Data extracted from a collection
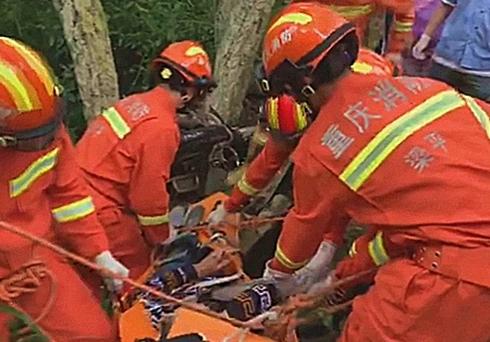 华龙网-新重庆客户端7月21日16时讯(记者 张勇)7月17日15时56分,重庆市梁平区消防指挥中心接到报警称,在梁平区蟠龙镇往福禄方向的318国道新店子路段,一男子骑摩托车侧翻到公路护栏外的陡坎下,情况紧急。接到报警后,当地消防迅速派人前往救援。
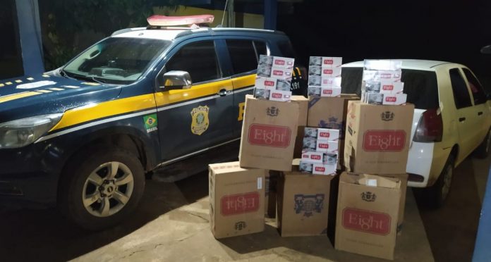 A Polícia Rodoviária Federal (PRF) em Porto Velho, no decorrer de fiscalização na BR 364, abordou um veículo de passeio (FIAT palio), conduzido por um homem, 30 anos, que vinha de Guajará-Mirim para a capital. Durante os procedimentos de fiscalização, a equipe policial flagrou no interior do automóvel o transporte de grande quantidade de maços de cigarro distribuídos em 10 caixas. A ocorrência foi registrada neste sábado (13).
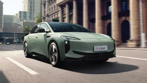 Hongqi EH7 представляет собой полноразмерный седан в стиле фастбэка с L-образными фарами, скрытыми дверными ручками, панорамной крышей и пятиспицевыми колесными дисками с красными тормозными суппортами Brembo.
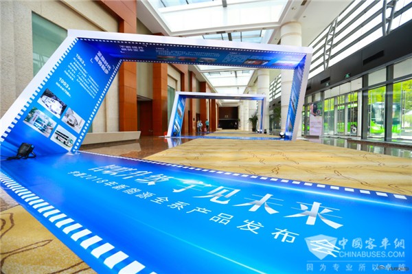 通往发布会现场的路,足以体现宇通的用心。其以科技感元素,搭建了一条“历史”走廊,开启了一场遇见未来的超越之旅。
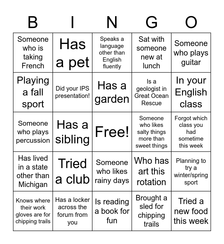 This bingo card has a free space and 24 words: Tried a club, Has a locker across the forum from you, Has a garden, Knows where their work gloves are for chipping trails, Someone who plays guitar, Someone who is taking French, Playing a fall sport, Has a pet, Someone who likes salty things more than sweet things, Someone who likes rainy days, Is a geologist in Great Ocean Rescue, Someone who plays percussion, Who has art this rotation, Planning to try a winter/spring sport, Did your IPS presentation!, Brought a sled for chipping trails, Forgot which class you had sometime this week, Speaks a language other than English fluently, In your English class, Has a sibling, Tried a new food this week, Has lived in a state other than Michigan, Sat with someone new at lunch and Is reading a book for fun.
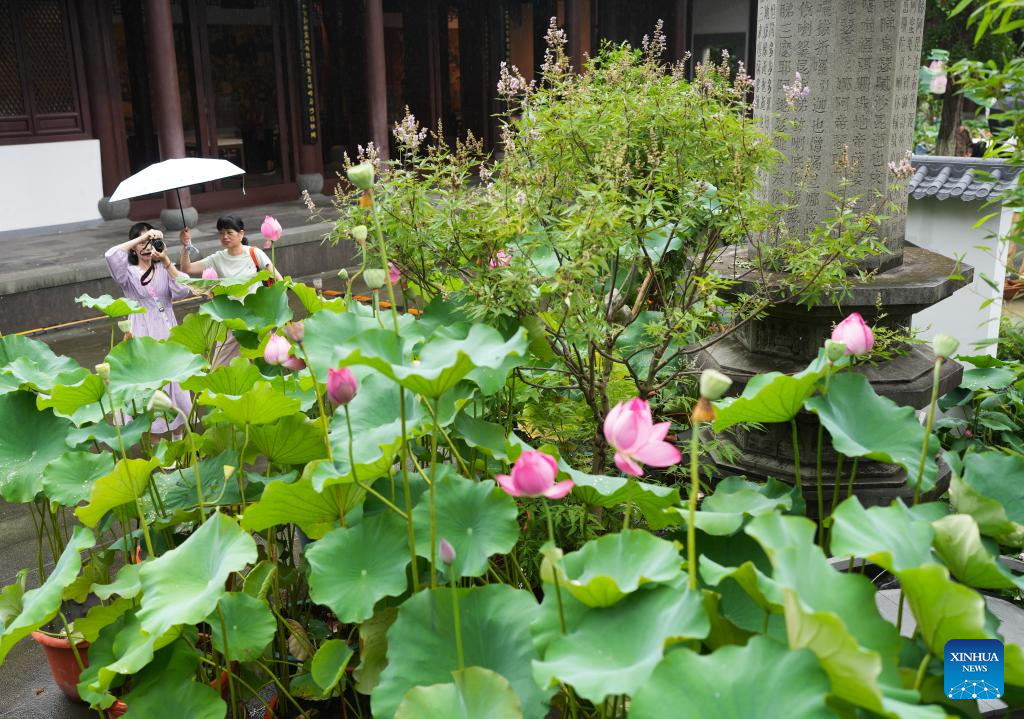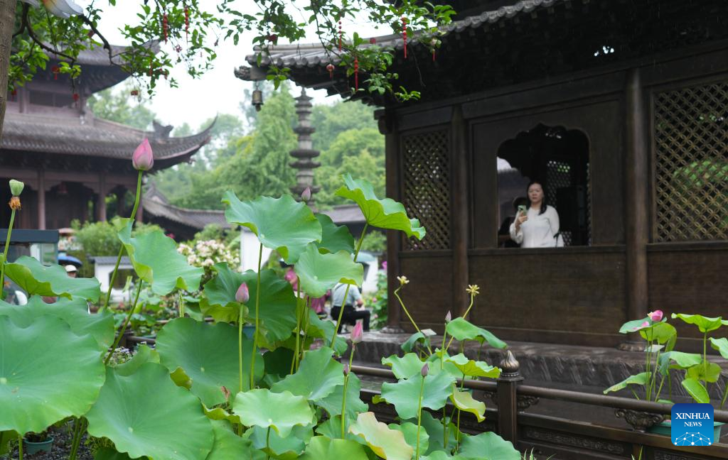 Tourists view lotus flowers at a temple in the West Lake scenic spot in Hangzhou, east China's Zhejiang Province, June 24, 2025. Lotuses in the waters of the West Lake have entered the flowering period, which will last until early September. (Xinhua/Weng Xinyang)
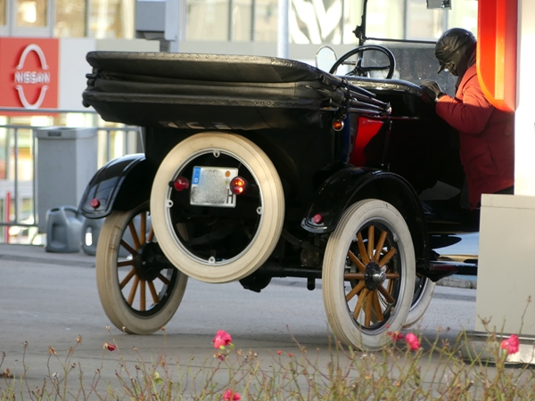 I’m used to seeing vintage cars, particularly really old ones like this one, at museums or possibly car shows, so I was startled when I saw this one nonchalantly pulling up at a petrol station and being filled up with normal petrol or possibly diesel. BTW: The H, the last letter on the car license plate, stands for “historic” and is reserved for vintage cars (provided they are maintained more or less like the original ) and it has advantages regarding insurance and tax purposes and I also think exemptions regarding emissions.
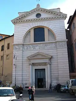 Records claim the church at the site was founded by the early 12th century, other records note founding by Pope Honorius III in 1216.[8] In 1418, the church was rebuilt by Alessandro Savelli, who had an adjacent palace. Some notes indicate it was linked to a group of English priests. By 1621, it was restored by the fathers of the Scuole Pie (Piarists) of St Giuseppe Calasanzio, who lived in the adjacent convent. His room is preserved. His relics are held in a porphyry urn in the church. In 1808, under the patronage of Duke Giovanni Torlonia, a facade was commissioned from the architect Giuseppe Valadier.[9]
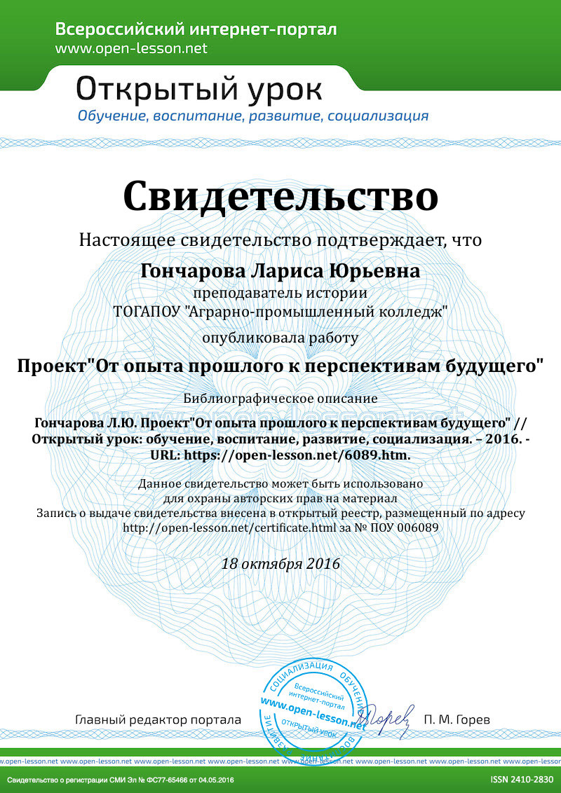 - Предложение использования материала работы в области патриотизма при планировании уроков, внеурочной работы и общетехникумовских мероприятий.

▶ The problem: Where a picture appears, skip it and copy the rest of the data word for word.

▶ Response below:
 华龙网-新重庆客户端7月21日16时讯(记者 张勇)7月17日15时56分,重庆市梁平区消防指挥中心接到报警称,在梁平区蟠龙镇往福禄方向的318国道新店子路段,一男子骑摩托车侧翻到公路护栏外的陡坎下,情况紧急。接到报警后,当地消防迅速派人前往救援。
 A Polícia Rodoviária Federal (PRF) em Porto Velho, no decorrer de fiscalização na BR 364, abordou um veículo de passeio (FIAT palio), conduzido por um homem, 30 anos, que vinha de Guajará-Mirim para a capital. Durante os procedimentos de fiscalização, a equipe policial flagrou no interior do automóvel o transporte de grande quantidade de maços de cigarro distribuídos em 10 caixas. A ocorrência foi registrada neste sábado (13).
 Hongqi EH7 представляет собой полноразмерный седан в стиле фастбэка с L-образными фарами, скрытыми дверными ручками, панорамной крышей и пятиспицевыми колесными дисками с красными тормозными суппортами Brembo.
 通往发布会现场的路,足以体现宇通的用心。其以科技感元素,搭建了一条“历史”走廊,开启了一场遇见未来的超越之旅。
 This bingo card has a free space and 24 words: Tried a club, Has a locker across the forum from you, Has a garden, Knows where their work gloves are for chipping trails, Someone who plays guitar, Someone who is taking French, Playing a fall sport, Has a pet, Someone who likes salty things more than sweet things, Someone who likes rainy days, Is a geologist in Great Ocean Rescue, Someone who plays percussion, Who has art this rotation, Planning to try a winter/spring sport, Did your IPS presentation!, Brought a sled for chipping trails, Forgot which class you had sometime this week, Speaks a language other than English fluently, In your English class, Has a sibling, Tried a new food this week, Has lived in a state other than Michigan, Sat with someone new at lunch and Is reading a book for fun.
 Tourists view lotus flowers at a temple in the West Lake scenic spot in Hangzhou, east China's Zhejiang Province, June 24, 2025. Lotuses in the waters of the West Lake have entered the flowering period, which will last until early September. (Xinhua/Weng Xinyang)
 I’m used to seeing vintage cars, particularly really old ones like this one, at museums or possibly car shows, so I was startled when I saw this one nonchalantly pulling up at a petrol station and being filled up with normal petrol or possibly diesel. BTW: The H, the last letter on the car license plate, stands for “historic” and is reserved for vintage cars (provided they are maintained more or less like the original ) and it has advantages regarding insurance and tax purposes and I also think exemptions regarding emissions.
 Records claim the church at the site was founded by the early 12th century, other records note founding by Pope Honorius III in 1216.[8] In 1418, the church was rebuilt by Alessandro Savelli, who had an adjacent palace. Some notes indicate it was linked to a group of English priests. By 1621, it was restored by the fathers of the Scuole Pie (Piarists) of St Giuseppe Calasanzio, who lived in the adjacent convent. His room is preserved. His relics are held in a porphyry urn in the church. In 1808, under the patronage of Duke Giovanni Torlonia, a facade was commissioned from the architect Giuseppe Valadier.[9]
 - Предложение использования материала работы в области патриотизма при планировании уроков, внеурочной работы и общетехникумовских мероприятий.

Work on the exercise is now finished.